Jim Power: Budget must reflect caution and conservatism, not populist heroics
Notwithstanding this fact, it is also probably true to say that they will present the budget against a background of intense uncertainty and challenge.
Brexit, ongoing sterling weakness, the Apple tax ruling, growing unrest amongst some militant unions, and the strange complexion of the Dáil and the Government, immediately spring to mind. All of these issues should give deep cause for concern.
On the economic front, we got further good news this week. Unemployment in September fell to 172,900 and the unemployment rate declined to 7.9% of the labour force. The number of jobless has declined by 61,200 over the past two years.
The exchequer returns for the first nine months of the year show that an exchequer deficit of €25m was recorded, down from €104m in the same period last year. Tax revenues came in €484m ahead of expectations.
Corporation tax was €644m ahead. It’s unclear if the surge in corporation tax since the beginning of last year is sustainable or is just an ongoing adjustment. Worryingly, income tax is running €114m behind and Vat €278m behind.
Of more significance is the fact that in the first nine months, income tax was €509m higher than the equivalent period last year and Vat receipts were €490m higher.
The public finances are in fine fettle and set a positive backdrop to Budget 2017, but caution should be the guiding principle in framing the budget and in the general management of the economy.
Any possibility that the UK might somehow row back from the Brexit vote has faded. Prime Minister Therese May has stated, on numerous occasions, “Brexit means Brexit’, and last weekend she committed to invoking Article 50 in March 2017.

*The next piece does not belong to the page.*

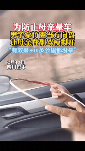 “人怎么能这么聪明!”四川,一男子的母亲晕车严重,为了让母亲舒服,男子找了一个树枝做方向盘,让母亲拿着,不料,竟 非常有效,开了300公里,一点没有晕,网友:最好的晕车药竟然是方向盘! 男子母亲晕车几十年,药贴偏方全没用,出门全是煎熬。他灵机一动,既然开车不晕,就用竹条做了个小方向盘,让母亲握着模拟驾驶。 三百多公里山路,母亲跟着转弯、直行,全程没晕。 这不是玄学,是科学。坐车时感官冲突,大脑混乱;模拟开车,有了掌控感,信号同步,不适自然消失。 最戳人的从来不是创意,而是藏在细节里的孝心。 不用花大钱,不用讲排场,把家人的难受放在心上,想尽办法让她舒服,就是最实在的孝顺。 一个小竹圈,抵过万千良药,温柔又治愈。

It will take a lot longer to provide solutions to address the numerous issues that will have to be addressed.
The biggest question is, of course, the nature of the trading relationship that the UK will have with the EU post-exit. Soft-Brexit would describe a situation where the UK would have access to the EU market and would make some contribution to the EU budget and accept many of the terms and conditions of the market, particularly the free movement of people.
This would be politically problematical, as the vote in June was heavily influenced by the desire to protect its borders from inward migration.
Hard-Brexit would mean a situation where the UK would not be part of the EU’s customs union and trade between the UK and the EU would be subject to trade barriers such as tariffs and quotas.
The EU is the UK’s biggest trading partner for a number of reasons, but proximity is the most important. Geography tends to be the biggest driver of trade.
Recent rhetoric would appear to suggest that the odds are now favouring a hard Brexit. In such an eventuality, Ireland’s trade with the UK would come under pressure and it is hard to see how a soft border with the North could survive.
These are longer-term issues; the immediate issue is the descent of sterling. Budget 2017 must be characterised by caution and conservatism. It is not the time for populist heroics.